Wahyu SK | 4 Desember 2024, 18:40 WIB
Tim Hukum Maximus-Peggi Ungkap Dugaan Kecurangan di Pilkada Mimika Berupa Penggelembungan Suara

AKURAT.CO Tim Hukum Calon Bupati Mimika Maximus Tipagau-Peggi Patrisia Pattipi (MP3) mengungkap dugaan pelanggaran serius yang dilakukan penyelenggara pemilu di Distrik Tembagapura, Kabupaten Mimika.

Dalam dokumen tersebut terlihat adanya penggelembungan suara untuk pasangan calon nomor urut 03 di TPS 906.

Di mana seharusnya calon nomor urut 03 mendapatkan suara hanya 102, namun berubah menjadi 370.

"Relawan kami menemukan C1, di mana suara 03 digelembungkan sebanyak 268 suara pada Distrik Tembagapura TPS 906. C1 tersebut sudah tercoret-coret dan sudah di-tipex," kata Tim Hukum Pasangan MP3, Siti Fatonah Nurul Hidayah, dalam keterangan yang diterima di Jakarta, Rabu (4/12/2024).

Menurutnya, hal tersebut merupakan manipulasi suara yang sangat jahat dilakukan oleh penyelenggara.

Baca Juga: Sampaikan Pidato Kemenangan, Maximus-Peggi Serukan Perdamaian dan Persatuan di Mimika

Ia menduga, tak menutup kemungkinan ada TPS-TPS lain dengan metode yang sama untuk mendongkrak suara salah satu paslon tertentu.
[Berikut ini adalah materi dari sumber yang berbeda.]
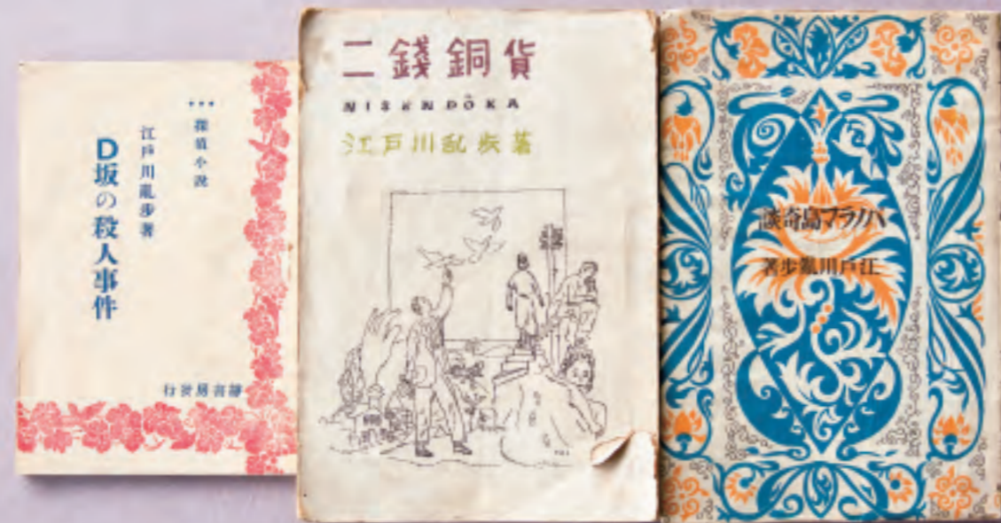
初期の作品「D坂の殺人事件」、「二銭銅貨」、「パノラマ島奇談」。(名張市立図書館蔵)
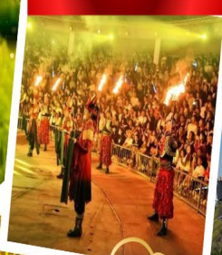
ปาร์ตี้รอบกองไฟ
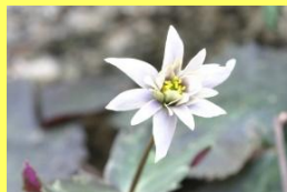
学名: Anemone keiskeana 科名: キンボウゲ
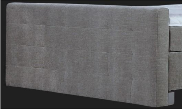
FT Topmotion 1
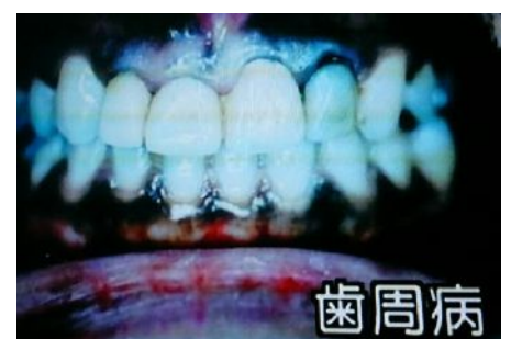
煙の有害物質が直接触れて
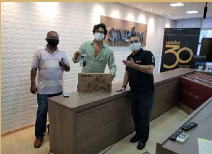
Pablo Tarrago Fonseca Giordiano – STJ NOTEBOOK SAMSUNG 15,6 POLEGADAS
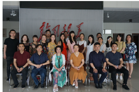
开班典礼现场照片

集中面授提高教改研能力 由职教理论专家和教学名师组成培训讲师团，采用集中辅导、小组学习、研讨展示等形式完成。集中面授课程分中高职衔接专业建设、教育教学方法改革、民族文化艺术类专业课程三大模块。每个集中面授阶段安排专家讲座，以“共生”“转型”“文化”为主题，围绕民族文化艺术类专业中高职贯通的人才培养方案定位、专业建设衔接、当代职业教育新理念等设计专题讲座24场，引领学员提升了教育教学理念。
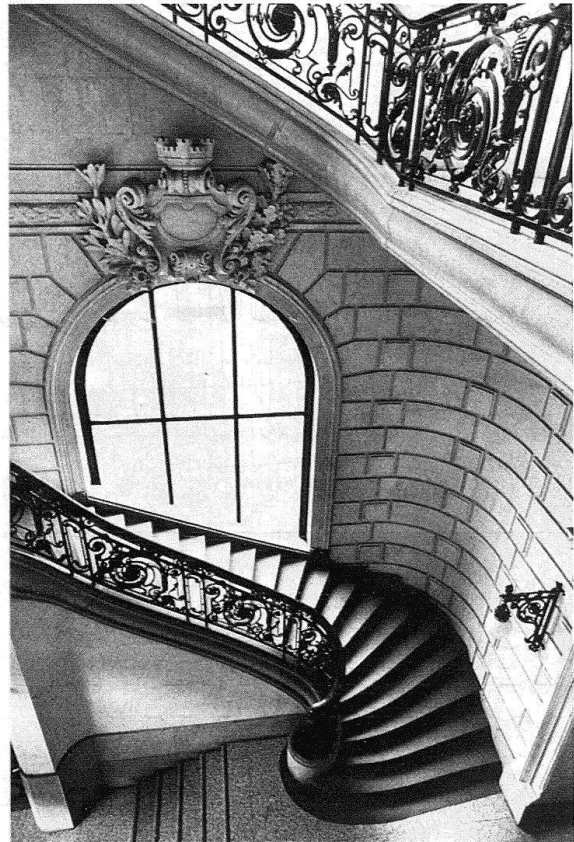
Lausanne. Hôtel des Postes (1896–1900). Eugène Jost, Bezencenet et Girardet architectes. Doctrine esthétique de l'historicisme, avec des allures d'un château de la Renaissance française. – Grand escalier, avec fers forgés de Louis Zwahlen d'après les plans de Bezencenet
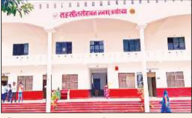
पिस रहा आम आदमी
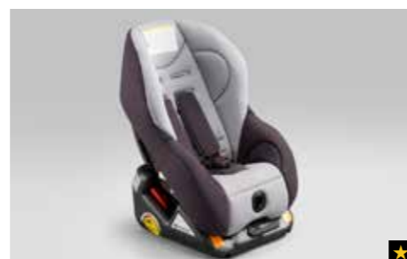
76 Kindersitz SUBARU G0/1S ISOFIX F410EYA012

Sicheres Einparken mit jeweils vier Sensoren durch akustische Warnungen.
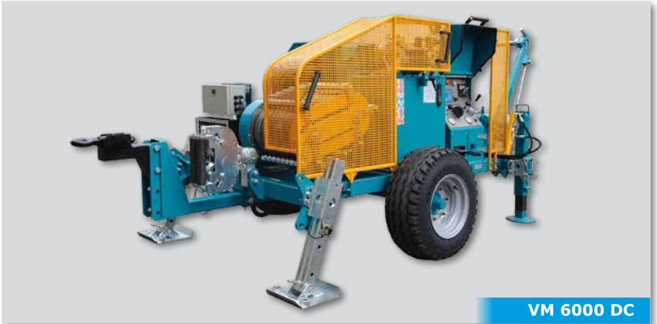
VM 6000 DC
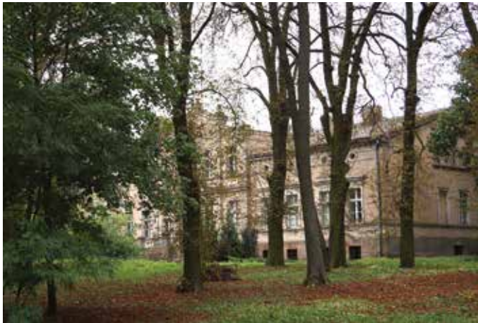
◀ Pałac świadczy o tym, że w dawnych czasach Zbietka była znaczącą miejscowością
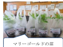
マリーゴールドの苗

コテージ風のうさぎ小屋。子どもたちに大人気。 放課後は保護者の方も癒されにきます。
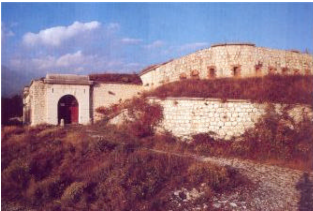
Forte S.Marco, alle spalle di Rivoli, si allunga su di una cengia

Anche Napoleone lasciò traccia del suo passaggio. Da vedere in paese: Corte Bramante, la croce in pietra (1760) presso i giardini e un po' più avanti sulla strada, una bella rappresentazione scultorea della Madonna della Corona.
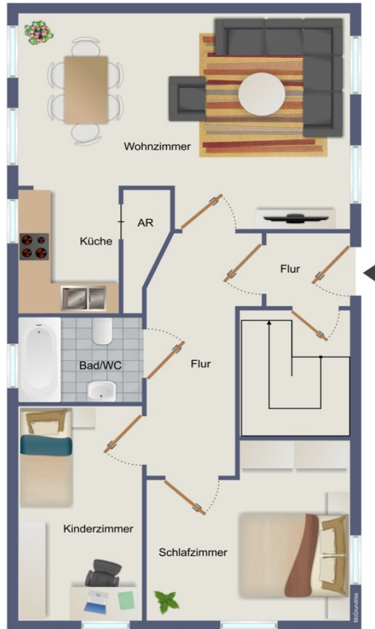
Erdgeschoss Dorfstr 29 a
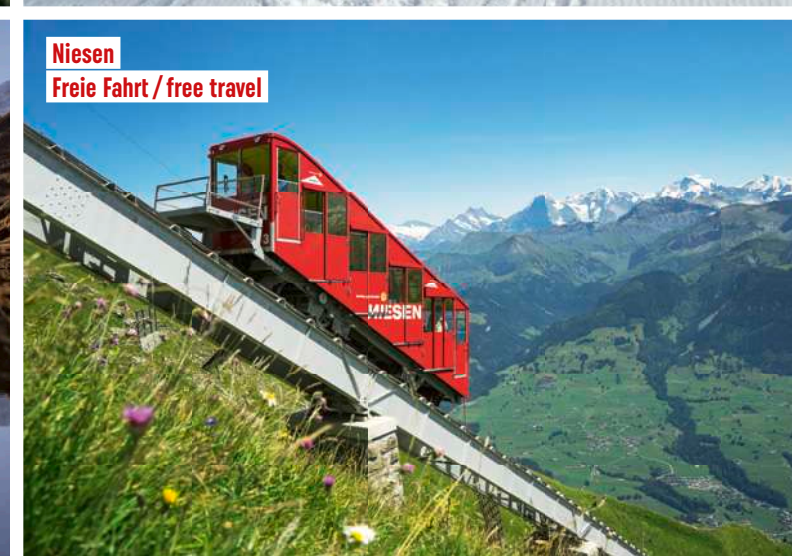
Niesen Freie Fahrt / free travel
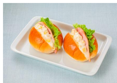
ロールパンサンド(コーン&マヨ)
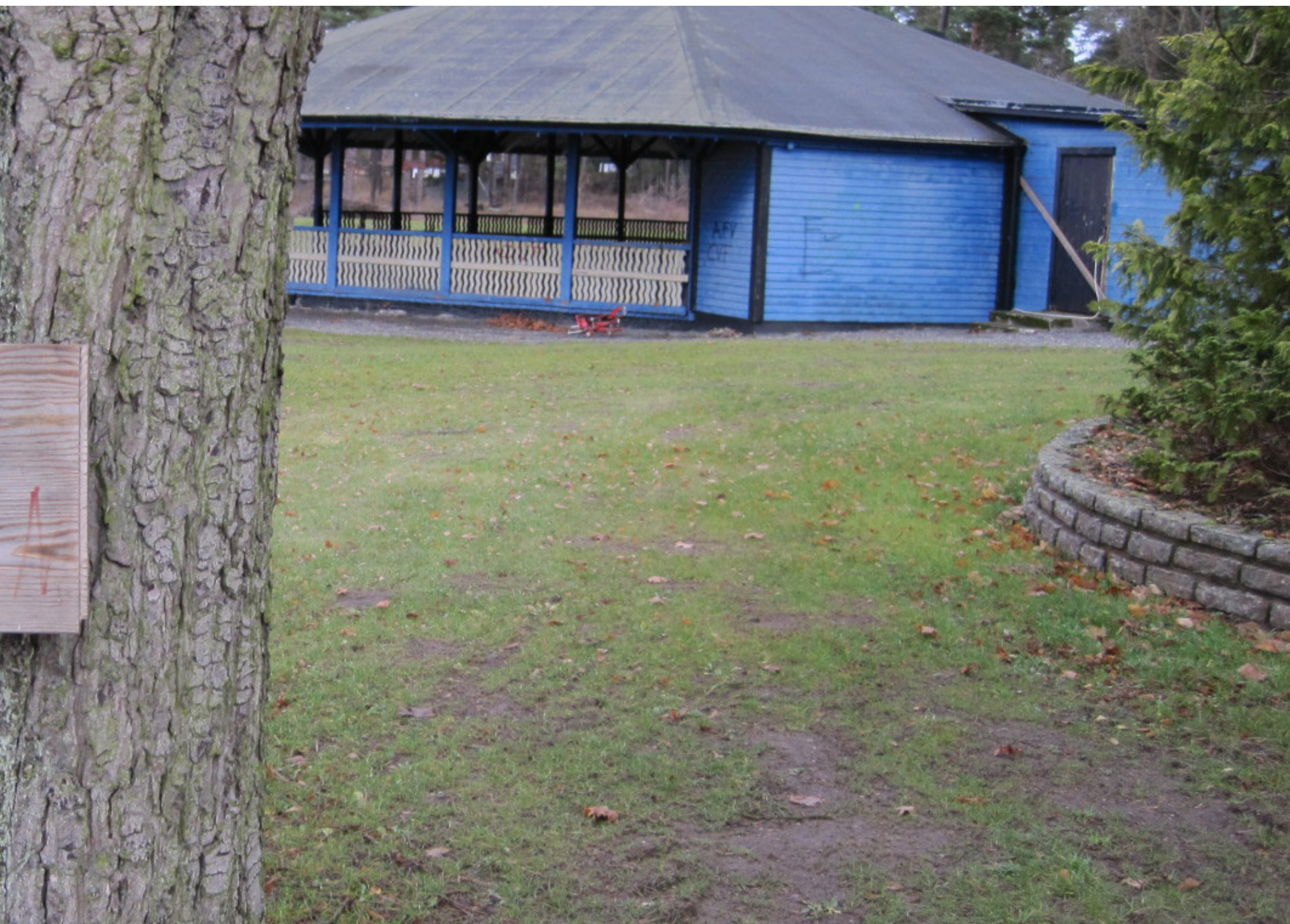
...la området fanns det staket och ungdomarna såg det som en utmaning att ta sig in. När parken gick i konkurs togs staketet bort och det sjangserade väldigt fort. Mycket av det som fanns första föreståndare J F Palmér.
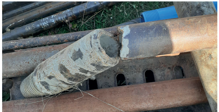
■ Der Bohrkopf ist zerbrochen
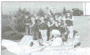
Łódka w wykonaniu klasy III
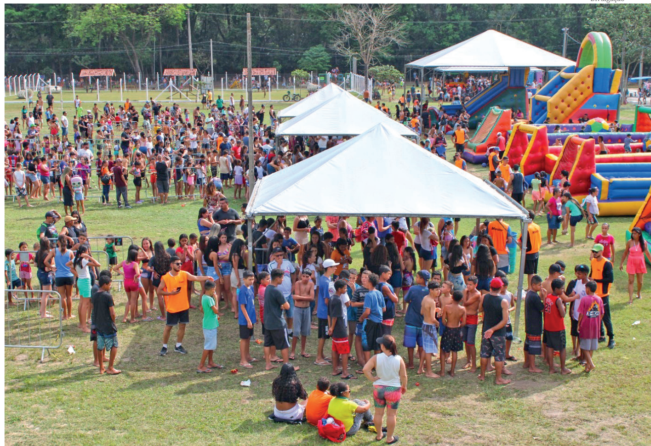
O Parque da Cidade recebeu um público estimado em 8 mil pessoas no Dia das Crianças

Receba as edições digitais da Tribuna do Norte DIARIAMENTE.
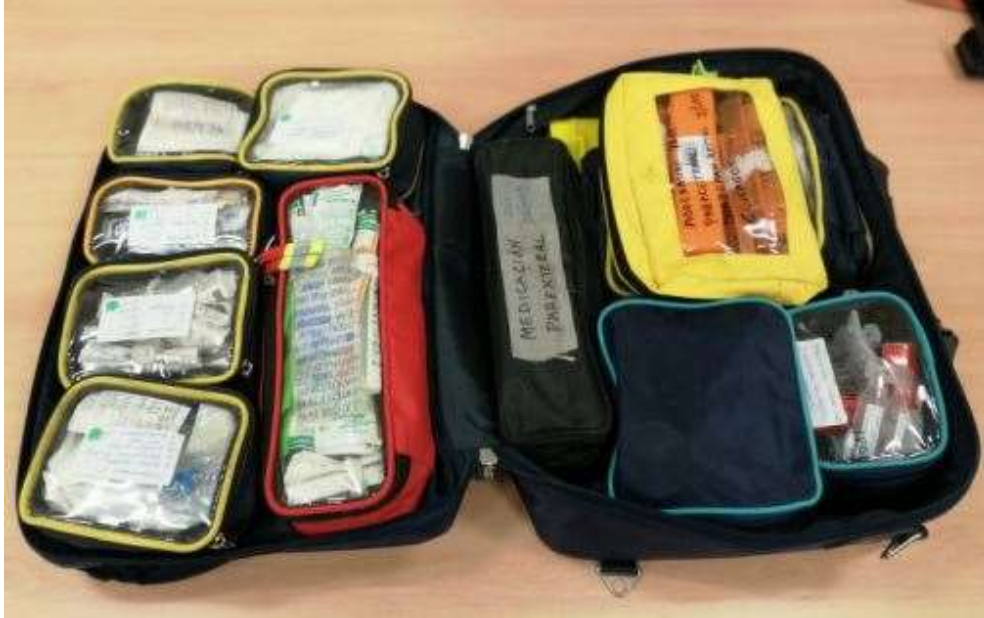
Imagen XI: Departamentos interiores del maletín azul de emergencias.
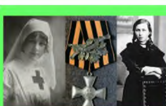
Стр. 4 Орден святого Георгия
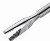
クーン氏 パワー鉗子 45°

クーン氏パワー鉗子45°は、ILMやERMの皮膜を剥離するのに適しているだけでなく、増殖性の硝子体内の網膜上膜、水晶体被膜、虹彩、小さな眼内異物及び繊維膜等に対する処置へも大変適しています。先端サイズは、23G/25Gから選択できます。

"Ini tidak menutup kemungkinan ada indikasi di TPS-TPS lain juga melakan hal yang sama. Jika penyelenggara-penyelenggara melakukan hal-hal yang tidak dibenarkan oleh aturan perundang-undangan, hal ini bukan pelajaran baik tentang demokrasi Kabupaten Mimika saat ini maupun ke depan," jelas Nurul.

Dirinya juga mengingatkan bahwa manipulasi suara bukan hanya pelanggaran moral, tetapi juga tindak pidana yang dapat dikenai sanksi berat.

"Perlu ditekankan kembali bahwa perbuatan mengubah atau memanipulasi suara adalah tindak pidana, dan sanksinya penjara sebagaimana yang diatur pada Pasal 178E Undang-Undang Nomor 10 Tahun 2016," bebernya.

Selain itu, Nurul menjelaskan, persoalan ini bukan karena pihaknya dirugikan.

Baca Juga: Masyarakat Kampung Iwaka Siap Perjuangkan Maximus-Peggi Pimpin Kabupaten Mimika

Namun bagaimana pilkada di Kabupaten Mimika ini berjalan sesuai dengan koridornya tanpa ada keberpihakkan.

"Ini bukan soal menang kalah, tetapi bagaimana semua pihak berkompetisi secara sportif, dan jurdil. Agar Kabupaten Mimika bisa maju dan menjalankan demokrasi sesuai amanat undang-undang," pungkas Nurul.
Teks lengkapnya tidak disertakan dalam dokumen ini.